Cobre y litio: dos gigantes con un hambre energética voraz

Conviene distinguir cómo impacta este freno de mano eléctrico en cada rincón del mapa minero. En las provincias de Salta, Jujuy y Catamarca, el boom del litio requiere soluciones rápidas. Aunque muchas plantas operan o planean operar con parques solares fotovoltaicos propios y sistemas de baterías, la conexión a la red nacional sigue siendo vital para garantizar la estabilidad operativa las 24 horas del día.

Sin embargo, el verdadero dolor de cabeza logístico se concentra en el cobre de San Juan. Proyectos de envergadura mundial como Josemaría, Los Azules, El Pachón o Altar demandan una potencia que equivale, en algunos casos, al consumo entero de una provincia pequeña. De manera que, sin líneas de 500 kV robustas que unan las estaciones de los valles con la alta cordillera, estos yacimientos no podrán encender sus molinos ni procesar el mineral a gran escala.

Por este motivo, las empresas mineras ya empezaron a diseñar mesas de trabajo conjuntas con el Gobierno Nacional y los gobernadores provinciales. El objetivo es estructurar esquemas de inversión público-privada que permitan financiar las obras de expansión del SADI, ante la falta de caja estatal para la obra pública tradicional.

Ampliación de redes eléctricas en zonas mineras.
Las empresas mineras ya empezaron a diseñar mesas de trabajo conjuntas con el Gobierno Nacional y los gobernadores provinciales para ampliar las redes eléctricas de los proyectos mineros

El costo de la inacción y los plazos que corren

Asimismo, los tiempos del mercado global juegan en contra. La transición energética global avanza a toda marcha y el mundo necesita cobre y litio ahora mismo.
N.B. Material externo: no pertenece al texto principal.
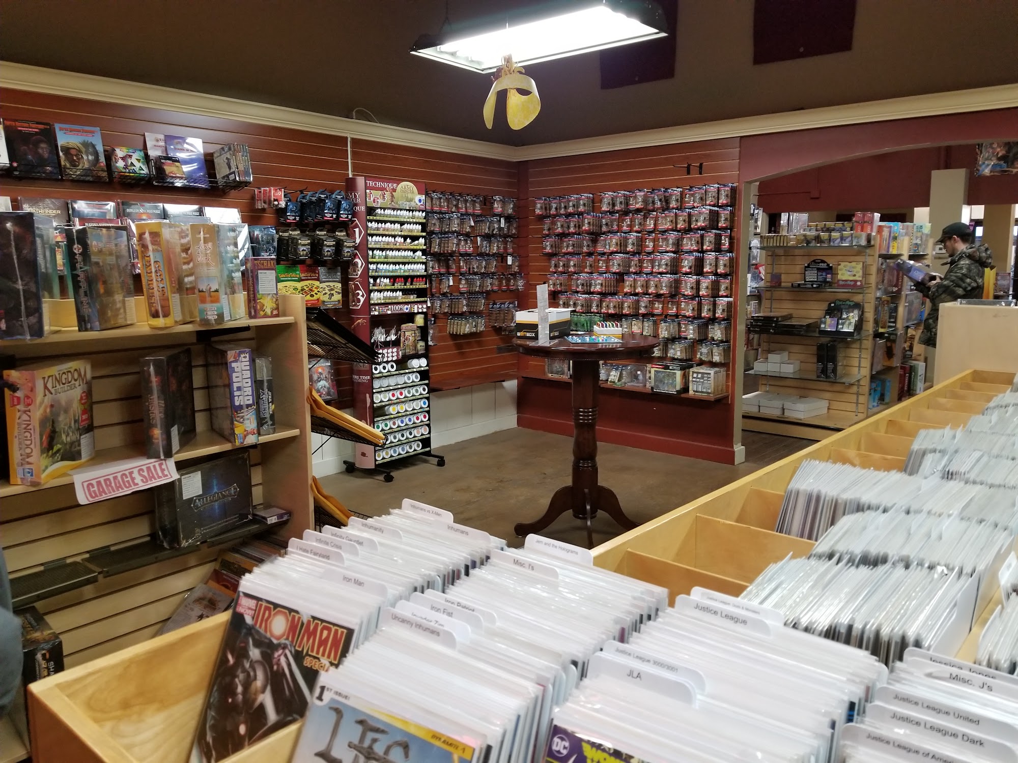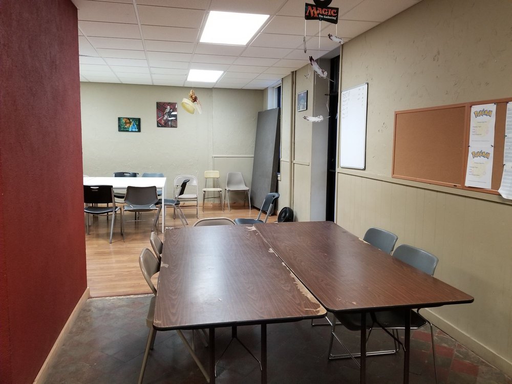 Fair selection for a smaller, rural city. Decent atmosphere, large play area, with a focus on mineratures and table top games.

Si la Argentina demora las obras viales y eléctricas de base, los capitales globales podrían migrar hacia jurisdicciones competidoras que ya tengan los deberes hechos en materia de servicios públicos.

En resumidas cuentas, la minería en Argentina dejó de ser una promesa lejana para convertirse en una realidad que golpea la puerta de la economía nacional. La riqueza está bajo la roca, los inversores tienen los dólares y las provincias la voluntad política. Ahora falta que el país conecte los cables para encender, de una vez por todas, el motor productivo más potente del interior profundo.